When you create a category this way, a link to the category appears on the page where you entered the text, but the page with the link isn't added to the category. The category page is created, so you can follow that link to the category page, but you will see that there are no pages in the category.

Linking to Category Pages Using Alternate Text

You can also use this syntax to create a link to a category page that displays alternate text. The following tag links to a category page called Help:Basketball, but only displays the word "Basketball" in the link.

[[:Category:Help:Basketball|Basketball]]

Sorting Categories

You can control how pages are sorted on category pages. This is useful when you are adding a page that is not in the default namespace to a category. For example, if you have a page in the Help namespace called Help:Basketball and you want to place that page in the Sports category, it normally would be listed under H for Help:Basketball. If, however, you want it listed in the B section, then you could create the category link like this:

[[Category:Help:Basketball|Basketball]]

The category link at the bottom of the page will still say Help:Basketball. This only affects where the item is listed alphabetically on the category page.

Editing Category Pages

Category pages can be edited like any other page. Any text that you enter will appear above the list of links to pages in that category.

Subcategories

It is also possible to use categories to create a hierarchy of categories and subcategories. There's no such thing as a subcategory per se in MediaWiki, just categories, but you can organize your pages in a hierarchy by virtue of the fact that category pages themselves can be categorized. A category page that is part of another category is a subcategory.

Suppose you're creating a site about sports and you want to include articles about the following topics:

  • Sports

  • College Sports

  • Pro Sports

  • College Basketball

  • Pro Basketball

  • College Football

  • Pro Football

MediaWiki employs a flat hierarchy, and each of these pages will be in the default namespace. One way a user can find these pages is to type the phrase "College Basketball" in the Search field and click the Go button. If the user were looking for information about a particular college basketball player, however, she would need to enter the player's name in the Search field and click the Search button to find any page with the player's name in it.
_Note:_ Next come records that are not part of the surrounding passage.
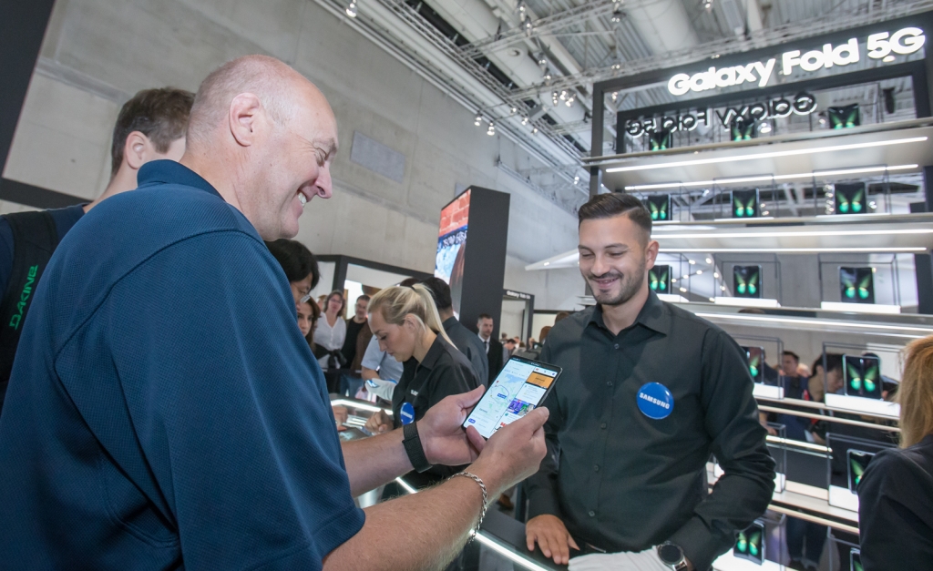 ▲ 7일(현지 시간) 독일 베를린에서 열리는 유럽 최대 가전 전시회 ‘IFA 2019’에서 삼성전자 전시장을 방문한 관람객들이 ‘갤럭시 폴드 5G’를 체험하고 있다.
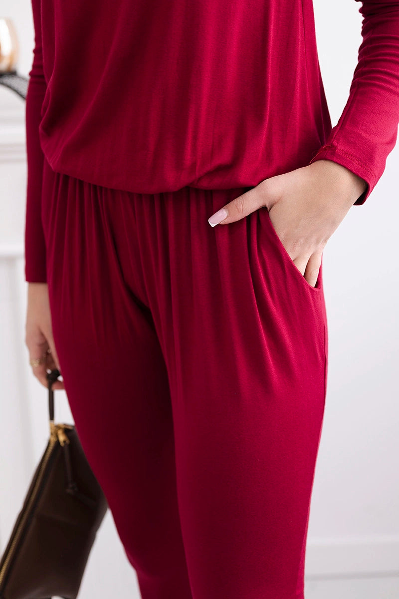 Viskózová kombinéza s pásom Burgundsko XXXL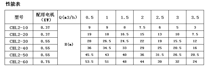 產品介紹 CHL2-10LSWSC輕型不銹鋼臥式多級離心泵是吸取了國內外先進技術而設計制造的非自吸臥式多級離心泵,分為圓筒式與節段式兩種,采用臥式電機和快裝式機械密封,更換非常方便。泵的過流部分均采用不銹鋼(304)材料制成,可適用于輕度腐蝕性介質。該產品可替代國外CH等同類產品。產品投放市場后,以其高效節能、質量可靠、使用范圍廣等特點,深受廣大用戶的喜愛,產品廣泛應用●空調系統 ●冷卻系統 ●工業清洗 ●水處理(水的凈化) ●水產養殖 ●施肥/計量系統 ●環境應用 ●(其他)許多專門特定用途。 CHL2-10LSWSC輕型不銹鋼臥式多級離心泵特征 1、介質溫度:-15℃~+110℃。

If the player has a common name, the results might include a list of pages that contain information about other people who share the same name. One way to make the search more efficient would be to group pages about a similar subject together. For instance, it might be a good idea to group all articles about college sports together, all pages about pro sports together, and so on. You might also want to group all articles about college basketball together, and so on. If you were really ambitious, you also might divide college basketball into men's college basketball and women's college basketball, and then separate those into divisions, and then individual teams. All of that is possible with categories.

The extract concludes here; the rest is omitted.